David: “That’s a terrific level. Quite a lot of what we do in income cycle innovation isn’t seen to sufferers, but it surely completely impacts their expertise. In lots of instances, our sufferers are the victims of damaged processes and fragmented knowledge that AI and associated know-how enhancements will assist to resolve.
Take declare denials, for instance. When a declare is denied due to a lacking authorization or incorrect insurance coverage info, it doesn’t simply delay fee; it creates confusion and stress for the affected person who could instantly obtain a shock invoice for one thing outdoors of their management. Resolving this problem requires a number of calls to the supplier or payer, which provides frustration. This creates a demanding expertise and negatively impacts the supplier’s model notion.
That’s the place AI makes the distinction. We use Experian Well being’s AI-powered registration optimization and claims administration instruments, like AI Advantage, to catch these points early, earlier than the inaccurate estimate is generated, earlier than the authorization is missed or earlier than the declare is submitted. This drives extra consistency and automation into the income cycle. By bettering knowledge accuracy on the entrance finish—with issues like insurance coverage verification, COB problem detection, automated protection surveillance and predictive analytics — we’re serving to suppliers get it proper the primary time. The consequence: fewer billing surprises, quicker resolutions and a smoother affected person journey.
Whereas the affected person could not see the AI working within the background, they really feel the distinction when their estimates are extra correct, duplicate or conflicting statements are diminished, and so they not should chase down solutions. This builds belief and improves affected person satisfaction – permitting them to deal with their well being, fairly than income cycle points they need to by no means should cope with.”
Q5: “For healthcare organizations which can be simply beginning to modernize their income cycle, the place ought to they start?”
David: “Begin by understanding your inside views, change threshold and restrictions.
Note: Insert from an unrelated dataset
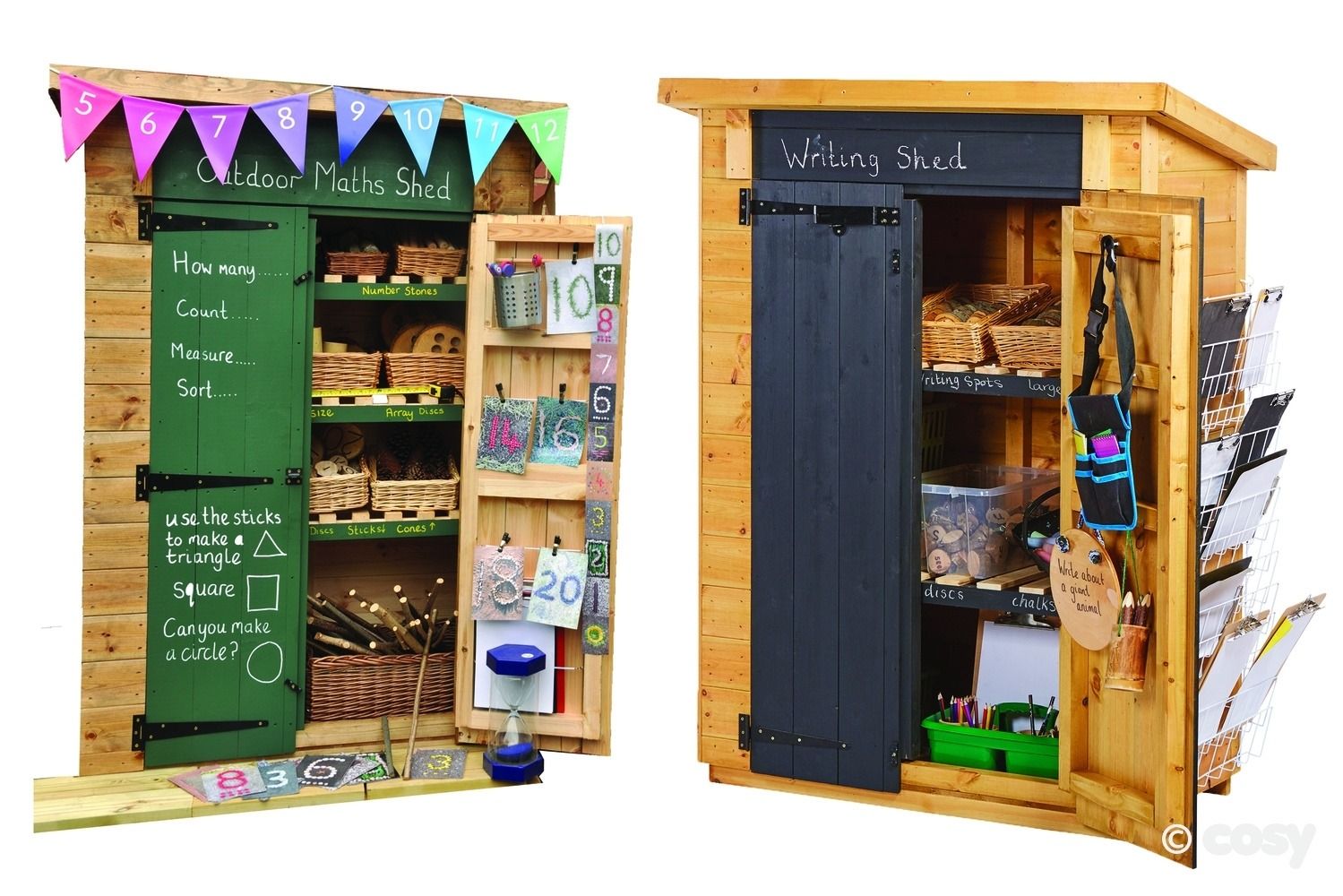 Uniek in de kinderopvang: Specifieke opbergkasten voor buiten. Bewaar al uw reken- en schrijfbenodigdheden in dit fraai ogende opbergmeubels voor buiten. Bespaar uzelf een dubbele levering en ontvang onze briljante twee buitenkasten in één bestelling. Deze prachtige meubels zijn een ideale aanvulling op uw buitenlessen en stimuleren het wiskundig denken, vroegtijdig schrijve en het zelfstandig leren.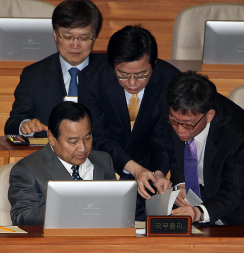 이완구 신임 국무총리가 26일 국회 본회의에서 열린 경제 분야 대정부질문에 참석해 관계자들과 자료를 검토하고 있다.

Many healthcare suppliers don’t ask onerous questions on their targets, the info they’re prepared to share or learn how to prioritize their wants. AI is barely pretty much as good as the info it has entry to, so guarantee your knowledge is clear, structured, and compliant with authorized and scientific necessities.
Subsequent, discover companions with the best technical instruments and healthcare expertise. Concentrate on measurable outcomes —not simply know-how—and prioritize areas with the best income leakage, excessive FTE investments or elevated affected person danger. Don’t underestimate the significance of change administration. Contain your operations, coaching and technique groups early, and make them a part of the innovation course of. Overemphasize the human component of change management to enhance outcomes.
Lastly, at all times hold the affected person in thoughts. Each enchancment within the income cycle impacts their expertise and entry to care. Design know-how options that simplify the affected person journey, cut back their burden, and assist decrease the price of care.”
The way forward for RCM lies in AI innovation
As healthcare organizations navigate mounting monetary pressures and the rising complexity of payer necessities, the necessity for smarter, AI-powered options has by no means been higher. By embracing clever automation, suppliers can cut back pricey errors and denials, strengthen their monetary stability and improve affected person experiences.
Find out how Experian Well being’s AI-driven options, like Patient Access Curator and AI Advantage, might help your healthcare group reduce declare denials, streamline workflows and unlock new alternatives for monetary success.